* Task details
Only the lines in the entries below from the line with "ПО от АЛМА." to the line with "恐怖Lv1とヒャドバーストを それぞれ1回ずつ付与する(効果2ターン)【いきなり】 |", both included, belong in the answer, transcribed exactly and without pictures.

* Materials provided

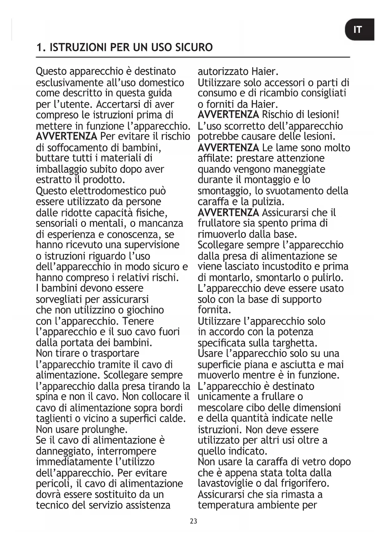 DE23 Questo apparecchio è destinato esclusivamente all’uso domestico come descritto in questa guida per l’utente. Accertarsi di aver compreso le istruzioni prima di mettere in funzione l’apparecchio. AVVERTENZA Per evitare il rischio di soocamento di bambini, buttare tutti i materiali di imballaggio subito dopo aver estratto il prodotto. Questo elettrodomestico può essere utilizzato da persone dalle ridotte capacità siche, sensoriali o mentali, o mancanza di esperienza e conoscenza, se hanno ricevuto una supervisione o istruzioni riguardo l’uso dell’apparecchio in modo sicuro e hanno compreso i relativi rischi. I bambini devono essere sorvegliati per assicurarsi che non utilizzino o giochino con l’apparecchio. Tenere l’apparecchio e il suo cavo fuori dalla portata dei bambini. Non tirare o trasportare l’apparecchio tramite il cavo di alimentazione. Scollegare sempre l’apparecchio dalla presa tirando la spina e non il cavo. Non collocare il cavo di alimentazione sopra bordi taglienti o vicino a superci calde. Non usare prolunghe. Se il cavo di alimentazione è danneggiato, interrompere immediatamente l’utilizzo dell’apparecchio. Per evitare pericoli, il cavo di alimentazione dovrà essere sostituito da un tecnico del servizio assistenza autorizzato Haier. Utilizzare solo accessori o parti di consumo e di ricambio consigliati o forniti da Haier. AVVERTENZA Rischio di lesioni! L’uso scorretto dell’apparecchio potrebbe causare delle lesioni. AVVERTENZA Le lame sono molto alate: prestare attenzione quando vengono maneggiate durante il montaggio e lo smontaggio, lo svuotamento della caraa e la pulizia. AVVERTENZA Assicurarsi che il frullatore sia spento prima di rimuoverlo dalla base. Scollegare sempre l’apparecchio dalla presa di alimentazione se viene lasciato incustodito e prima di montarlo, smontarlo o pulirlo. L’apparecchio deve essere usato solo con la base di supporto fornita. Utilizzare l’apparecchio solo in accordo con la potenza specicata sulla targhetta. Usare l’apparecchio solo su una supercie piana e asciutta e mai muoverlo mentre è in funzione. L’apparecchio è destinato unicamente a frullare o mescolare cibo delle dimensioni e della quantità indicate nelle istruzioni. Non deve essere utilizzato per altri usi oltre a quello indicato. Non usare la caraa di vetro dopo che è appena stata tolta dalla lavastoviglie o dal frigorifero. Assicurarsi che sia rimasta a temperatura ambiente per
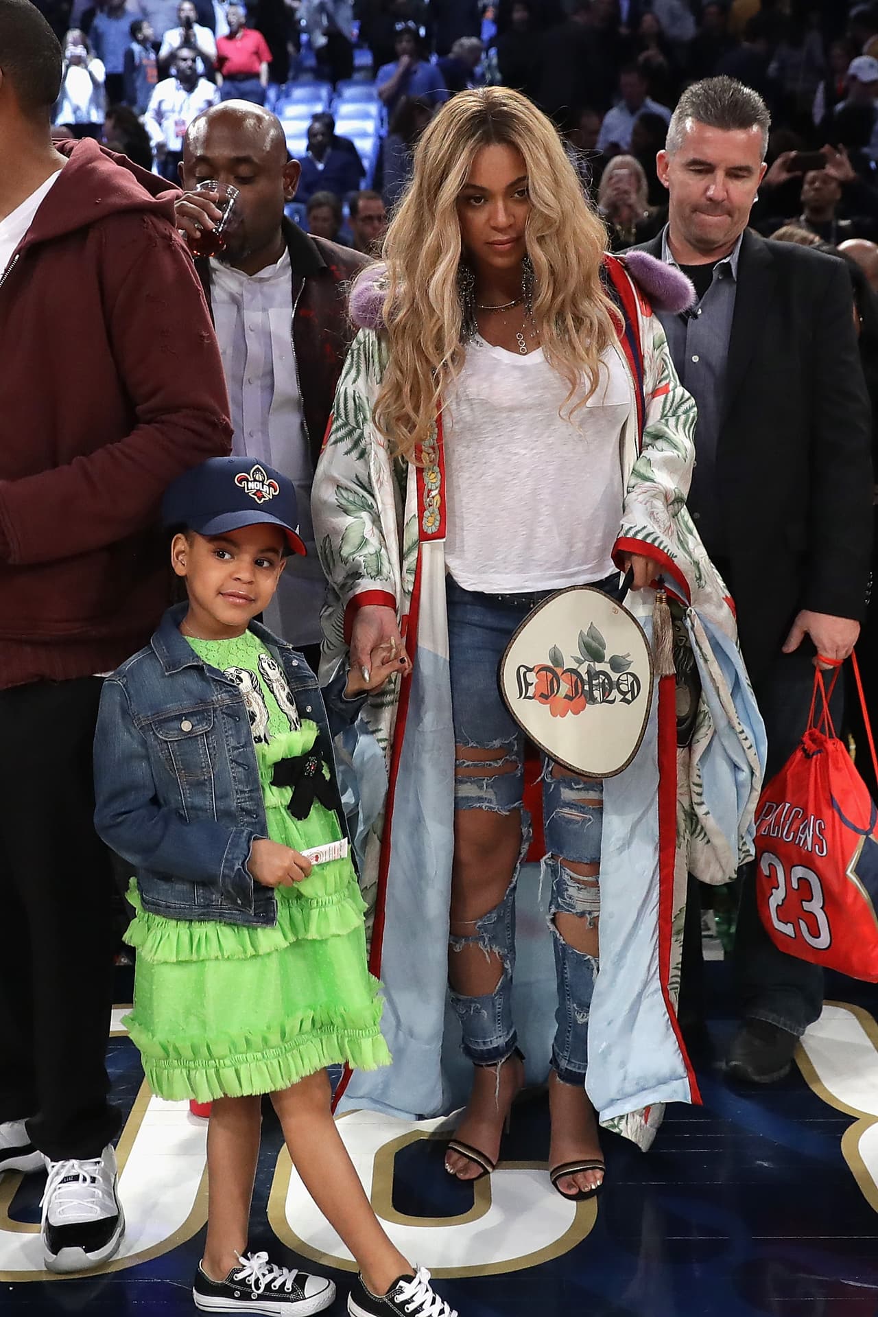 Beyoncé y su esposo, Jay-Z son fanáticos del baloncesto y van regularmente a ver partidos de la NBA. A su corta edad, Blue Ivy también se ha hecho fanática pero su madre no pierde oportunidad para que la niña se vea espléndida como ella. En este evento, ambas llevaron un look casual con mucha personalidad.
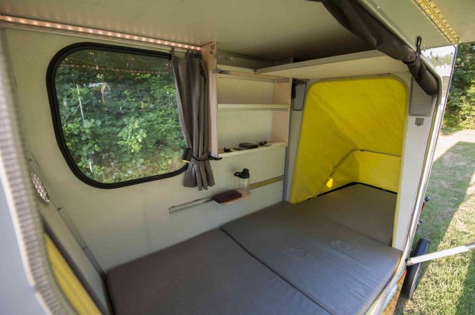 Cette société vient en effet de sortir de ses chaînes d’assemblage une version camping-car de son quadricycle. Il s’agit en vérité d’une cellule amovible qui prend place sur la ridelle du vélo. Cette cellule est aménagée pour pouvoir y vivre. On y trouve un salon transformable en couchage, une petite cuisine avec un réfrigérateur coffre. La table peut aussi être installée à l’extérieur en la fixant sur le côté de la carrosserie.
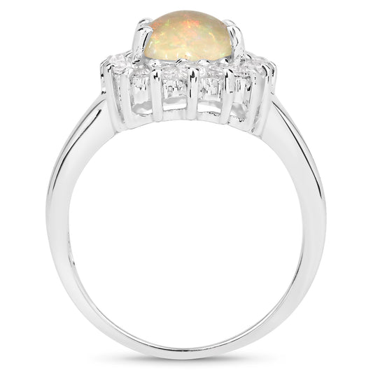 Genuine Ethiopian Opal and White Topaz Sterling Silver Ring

...

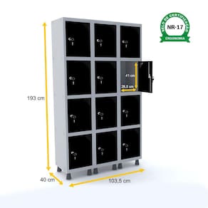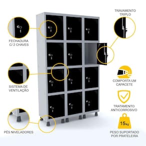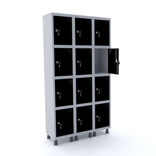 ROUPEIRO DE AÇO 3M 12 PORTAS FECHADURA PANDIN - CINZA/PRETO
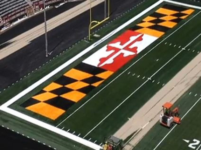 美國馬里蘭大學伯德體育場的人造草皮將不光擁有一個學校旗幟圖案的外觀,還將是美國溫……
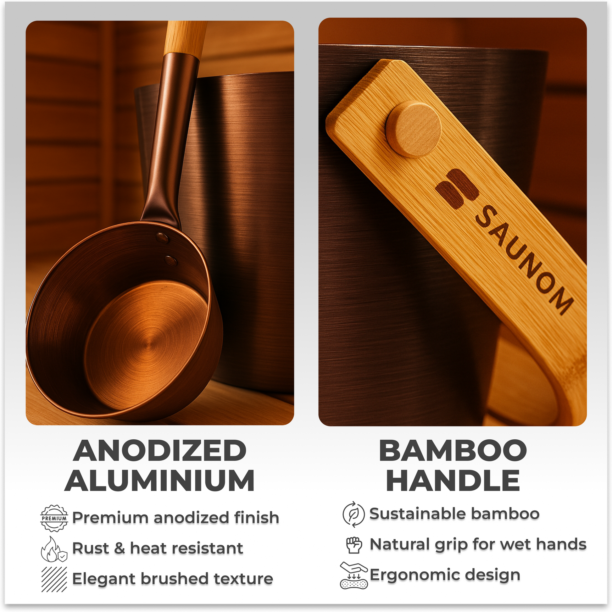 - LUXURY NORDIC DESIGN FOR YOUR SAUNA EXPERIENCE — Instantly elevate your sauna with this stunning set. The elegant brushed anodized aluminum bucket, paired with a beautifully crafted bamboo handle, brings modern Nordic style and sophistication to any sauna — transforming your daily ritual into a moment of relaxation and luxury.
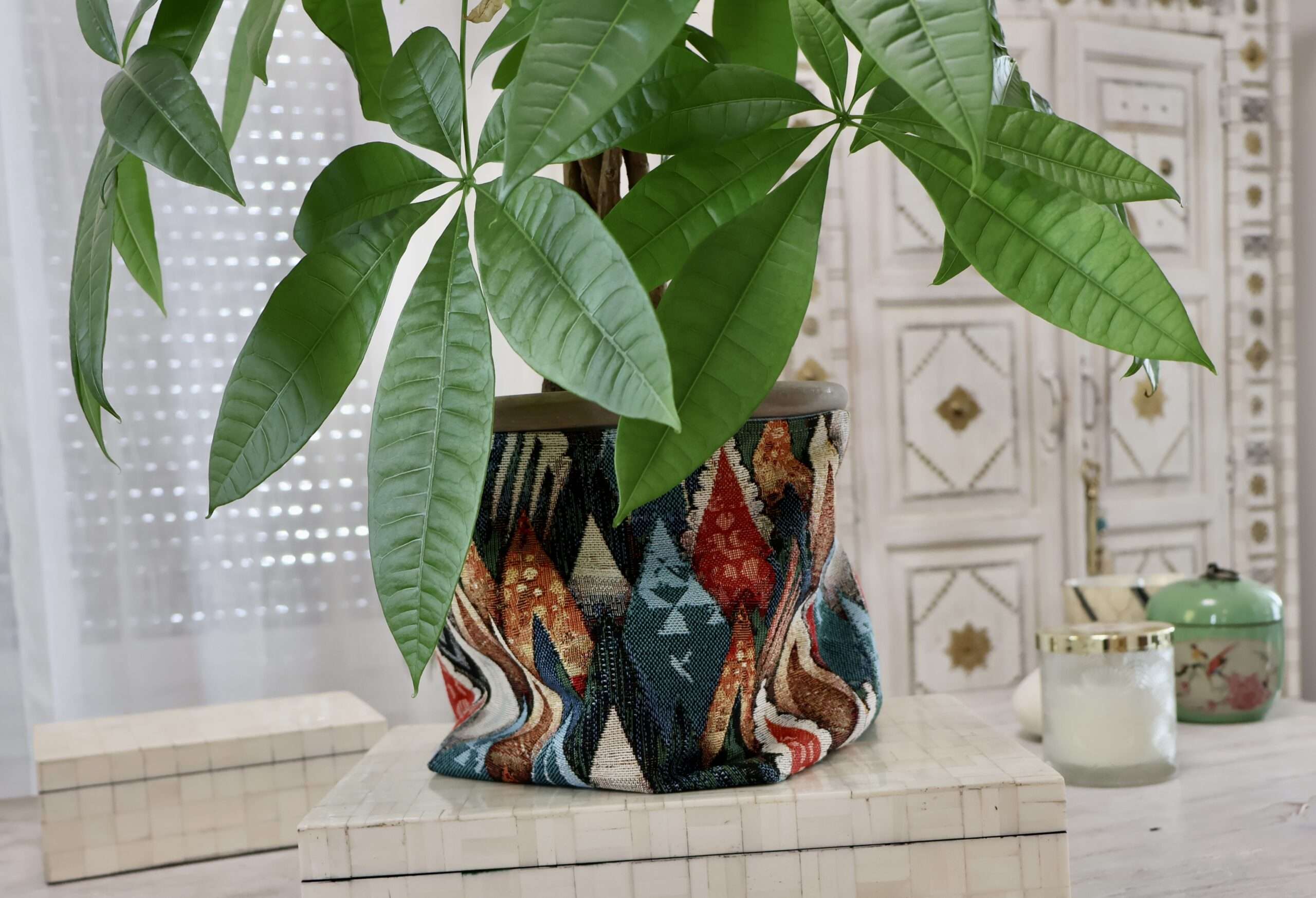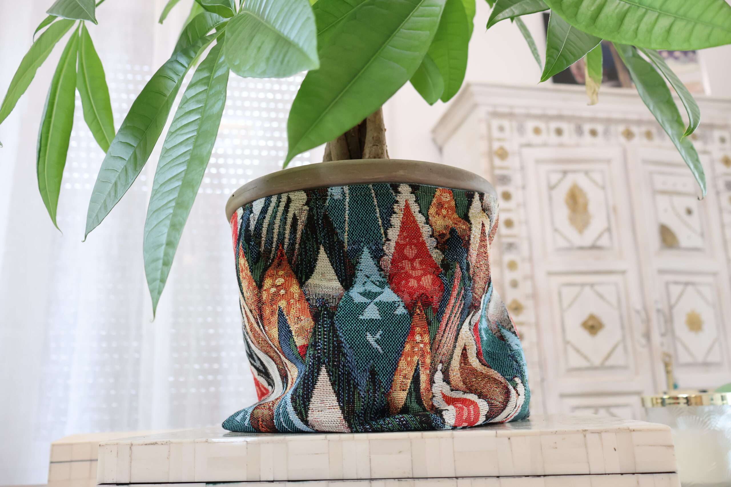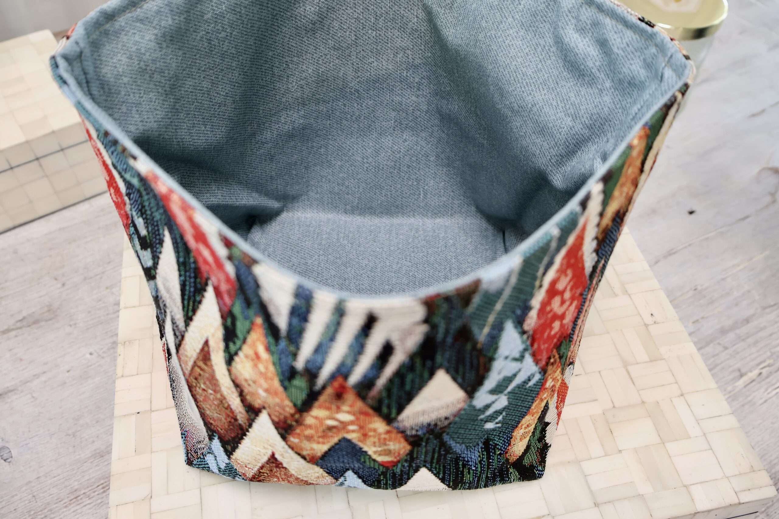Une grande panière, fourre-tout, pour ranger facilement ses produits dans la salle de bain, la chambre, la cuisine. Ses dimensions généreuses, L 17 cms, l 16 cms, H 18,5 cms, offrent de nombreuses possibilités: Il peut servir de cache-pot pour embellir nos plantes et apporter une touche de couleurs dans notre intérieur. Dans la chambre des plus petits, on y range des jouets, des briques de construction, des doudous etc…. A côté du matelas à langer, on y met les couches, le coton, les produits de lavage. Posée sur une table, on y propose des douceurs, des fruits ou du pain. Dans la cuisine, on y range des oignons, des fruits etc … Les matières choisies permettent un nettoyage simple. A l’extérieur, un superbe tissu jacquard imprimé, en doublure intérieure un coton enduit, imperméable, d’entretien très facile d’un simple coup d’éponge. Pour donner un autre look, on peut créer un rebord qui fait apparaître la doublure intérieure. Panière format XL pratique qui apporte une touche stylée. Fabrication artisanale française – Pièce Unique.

...

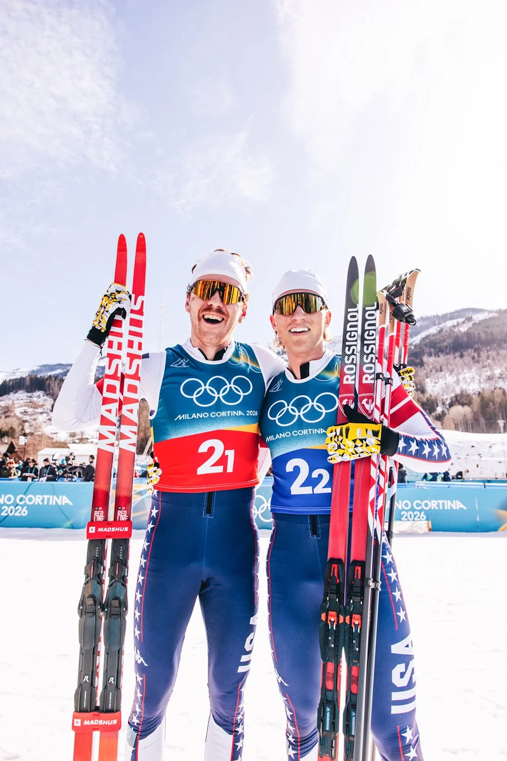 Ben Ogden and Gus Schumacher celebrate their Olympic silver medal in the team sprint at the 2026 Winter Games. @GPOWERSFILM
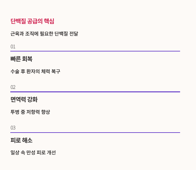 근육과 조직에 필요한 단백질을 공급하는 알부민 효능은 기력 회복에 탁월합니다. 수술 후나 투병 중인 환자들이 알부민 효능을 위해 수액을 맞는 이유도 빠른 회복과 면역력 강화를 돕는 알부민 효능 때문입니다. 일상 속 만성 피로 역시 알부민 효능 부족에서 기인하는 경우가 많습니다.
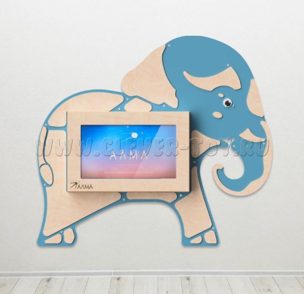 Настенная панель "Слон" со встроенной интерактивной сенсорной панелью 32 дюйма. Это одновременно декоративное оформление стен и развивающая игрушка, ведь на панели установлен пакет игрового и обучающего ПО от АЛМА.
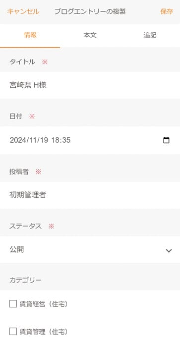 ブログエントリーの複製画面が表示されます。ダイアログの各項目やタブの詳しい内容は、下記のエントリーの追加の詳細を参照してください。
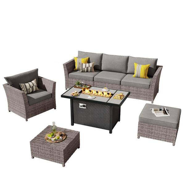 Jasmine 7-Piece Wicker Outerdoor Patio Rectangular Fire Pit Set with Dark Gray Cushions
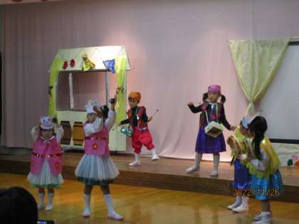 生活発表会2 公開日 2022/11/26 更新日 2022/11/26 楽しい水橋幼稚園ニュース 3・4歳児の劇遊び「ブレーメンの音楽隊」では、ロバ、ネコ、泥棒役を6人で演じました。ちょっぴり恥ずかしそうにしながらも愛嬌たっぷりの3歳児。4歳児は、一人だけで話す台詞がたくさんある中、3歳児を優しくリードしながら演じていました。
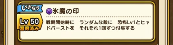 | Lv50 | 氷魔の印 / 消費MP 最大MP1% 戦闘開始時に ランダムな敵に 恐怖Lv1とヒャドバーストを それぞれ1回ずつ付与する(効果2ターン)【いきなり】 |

* Result below
 Настенная панель "Слон" со встроенной интерактивной сенсорной панелью 32 дюйма. Это одновременно декоративное оформление стен и развивающая игрушка, ведь на панели установлен пакет игрового и обучающего ПО от АЛМА.
 ブログエントリーの複製画面が表示されます。ダイアログの各項目やタブの詳しい内容は、下記のエントリーの追加の詳細を参照してください。
 Jasmine 7-Piece Wicker Outerdoor Patio Rectangular Fire Pit Set with Dark Gray Cushions
 生活発表会2 公開日 2022/11/26 更新日 2022/11/26 楽しい水橋幼稚園ニュース 3・4歳児の劇遊び「ブレーメンの音楽隊」では、ロバ、ネコ、泥棒役を6人で演じました。ちょっぴり恥ずかしそうにしながらも愛嬌たっぷりの3歳児。4歳児は、一人だけで話す台詞がたくさんある中、3歳児を優しくリードしながら演じていました。
 | Lv50 | 氷魔の印 / 消費MP 最大MP1% 戦闘開始時に ランダムな敵に 恐怖Lv1とヒャドバーストを それぞれ1回ずつ付与する(効果2ターン)【いきなり】 |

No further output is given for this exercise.